Research output: Contribution to journalArticle

25 Scopus citations


Background: Autologous stem cell transplantation is the standard of care for patients with relapsed HL and the long-term outcomes for survivors 2 years after ASCT have not been well described. No prospective trials have compared the effect of different conditioning regimens on outcomes. Patients and Methods: We searched the Nebraska Lymphoma Study Group database to identify patients with HL who received ASCT from 1984 to 2007. Patients were conditioned with either CBV (cyclophosphamide, carmustine, and etoposide) or BEAM (carmustine, etoposide, cytarabine, and melphalan). Results: At a median follow-up of 8 (range, 2-26) years, 225 patients were alive and disease-free 2 years after ASCT. Analysis was limited to these patients. At 5 years, the progression-free survival (PFS) was 92% for BEAM and 73% for CBV (P =.002) and the overall survival (OS) was 95% for BEAM and 87% for CBV (P =.07). At 10 years, the PFS was 79% for BEAM and 59% for CBV (P =.01) and the OS was 84% for BEAM and 66% for CBV (P =.02). Conclusion: Patients with HL who are disease-free and alive 2 years after ASCT have favorable outcomes.
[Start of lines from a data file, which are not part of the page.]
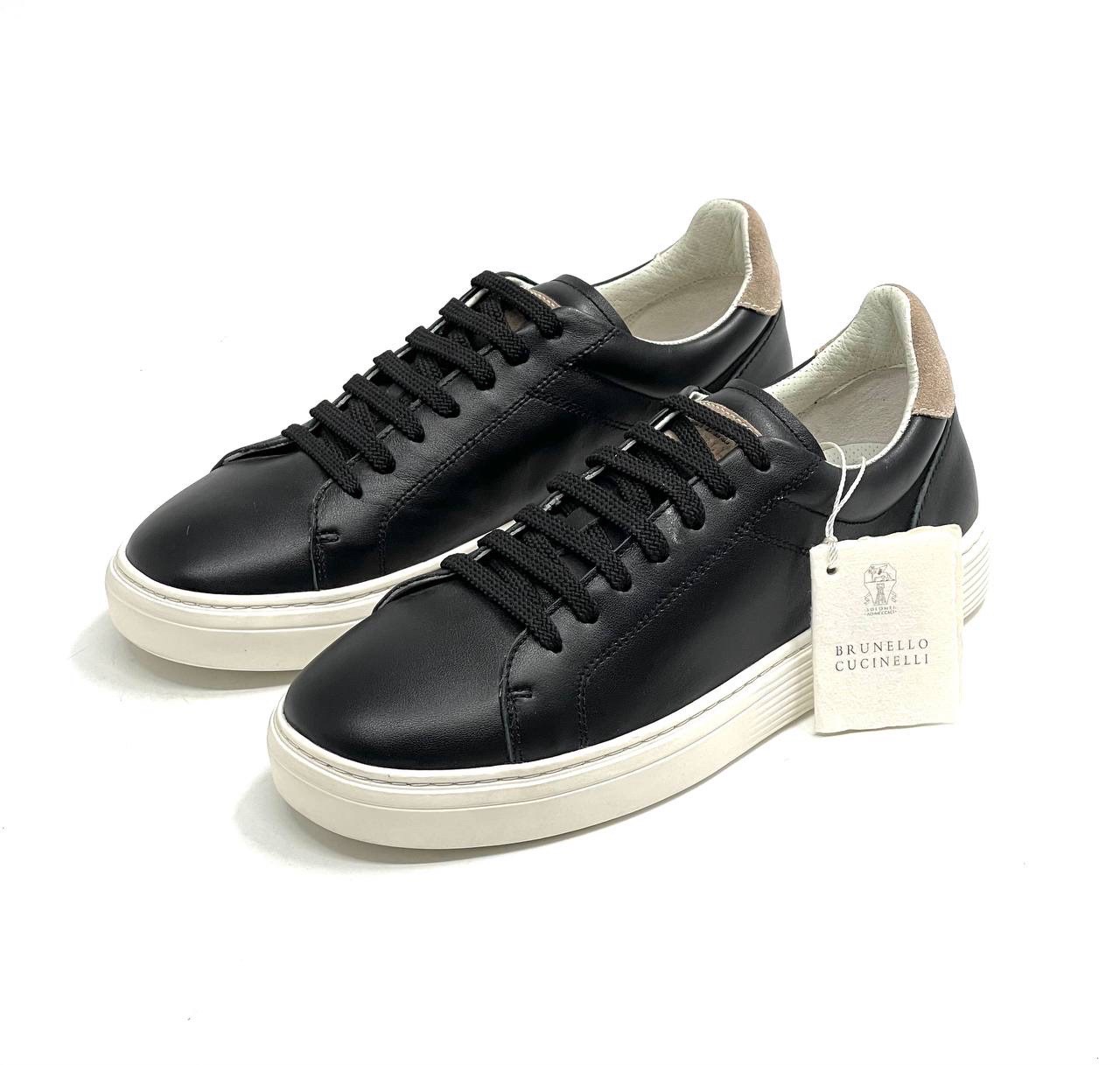 BRUNELLO кеды черные кожа коричневый задник над пяткой
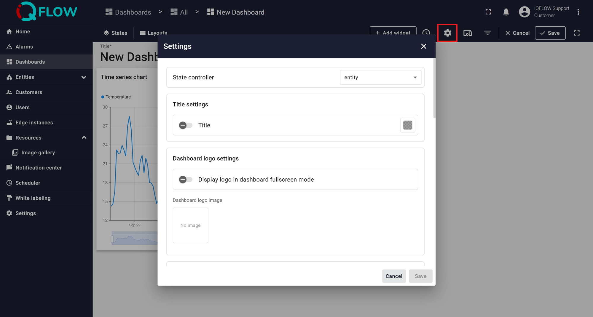 To start customising the Dashboard enter Edit mode, then click the “gear” icon in the upper right corner of the dashboard window to open the dashboard settings window.
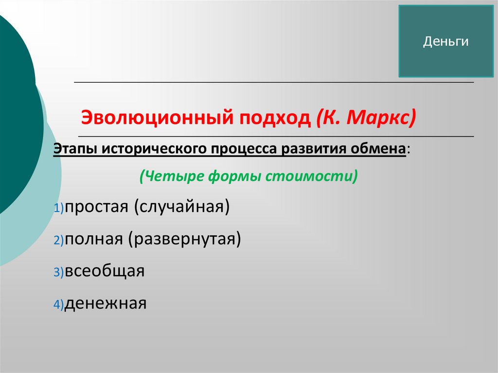 ДеньгиЭволюционный подход (К. Маркс)
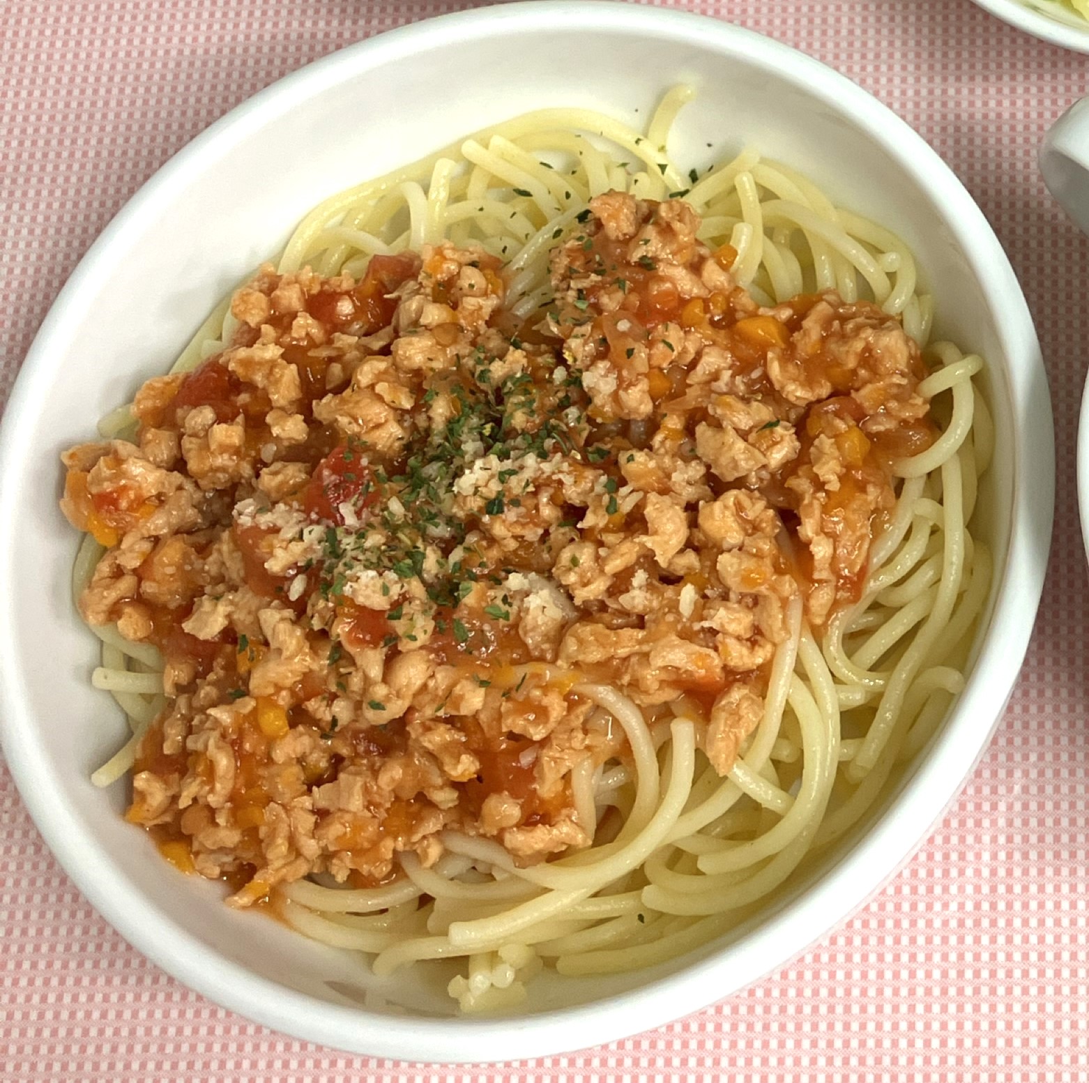 ・スパゲティー 250g ・オリーブ油 8g ・玉ねぎ 180g ・にんじん 80g ・鶏ひき肉 300g
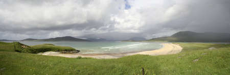 A panorama of Seilebost Beach on a showery day, South Harris, Western Isles, Scotland
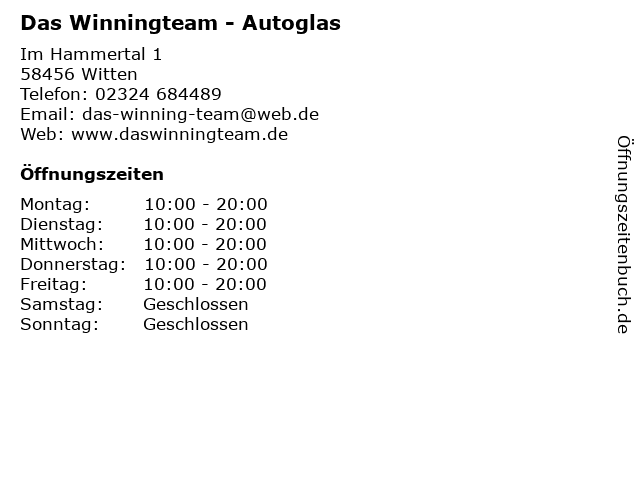 | Öffnungszeiten Das Winningteam - Autoglas in Witten anzeigen | |

We observed lower risk of progression and longer survival associated with use of BEAM vs. CBV. Patients in the BEAM group received a transplant in more recent years so we cannot exclude the possibility that the superior outcomes seen in the BEAM group are because of better supportive care, use of peripheral blood stem cell grafts, or improvements in salvage therapies before transplantation.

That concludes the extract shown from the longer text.